Fest steht bislang, dass mehrere Männer in der Straße Hinterm Stern unweit des Einkaufszentrums Wandsbek Quarree um kurz nach 17 Uhr in Streit gerieten. Daraufhin fielen mindestens zwei Schüsse. Eine Kugel traf den 39-Jährigen ins Knie, zudem erlitt er einen Beinbruch. Nach Behördenangaben ist der Mann wegen mehrerer Delikte polizeibekannt, schwere Gewalttaten waren bislang aber nicht darunter. Die Ermittler stellten bei ihm eine Pistole und Drogen sicher. Gegen ihn wurde ein Strafverfahren wegen Verstoßes gegen das Waffengesetz und Verstoßes gegen das Betäubungsmittelgesetz eingeleitet. Am Donnerstagmorgen wurde er vernommen.

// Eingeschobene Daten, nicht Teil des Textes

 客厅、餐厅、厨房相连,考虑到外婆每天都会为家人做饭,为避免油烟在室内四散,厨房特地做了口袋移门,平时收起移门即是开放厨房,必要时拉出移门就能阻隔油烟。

Er soll vor den Haftrichter kommen, sobald es sein Gesundheitszustand zulasse, so die Polizei.

Polizei hofft auf Zeugen

Laut den Beamten wurden mindestens drei "südländisch aussehende" Männer gesehen, die vom Tatort in Richtung Kattunbleiche flüchteten. Dort stiegen sie in einen wartenden Ford, der anschließend davonfuhr. Das Auto wurde später in Glinde gefunden. Dort verliert sich die Spur der drei Männer. Die Polizei bittet Zeugen, sich unter der Hinweisnummer 040/4286-56789 zu melden.

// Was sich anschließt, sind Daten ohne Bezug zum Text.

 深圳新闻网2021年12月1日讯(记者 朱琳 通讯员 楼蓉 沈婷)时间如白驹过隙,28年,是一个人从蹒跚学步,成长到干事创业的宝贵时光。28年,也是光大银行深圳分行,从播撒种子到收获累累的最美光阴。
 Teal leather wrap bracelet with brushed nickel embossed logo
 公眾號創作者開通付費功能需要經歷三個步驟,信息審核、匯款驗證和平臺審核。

U-Bahnverkehr war unterbrochen

Bei der Fahndung nach den Tätern kam es am Mittwochabend zu erheblichen Verkehrsbehinderungen. Der U-Bahnhof Wandsbek Markt wurde abgeriegelt, weil dort während der Fahndung Alarm ausgelöst worden war. Das Spezialeinsatzkommando suchte dort nach den Flüchtigen. Der Zugverkehr auf der Linie U1 zwischen den Stationen Wandsbek-Gartenstadt und Wartenau kam in dieser Zeit zum Erliegen, wurde gegen 21.15 Uhr aber wieder freigegeben. Auch der Busbetrieb war massiv eingeschränkt.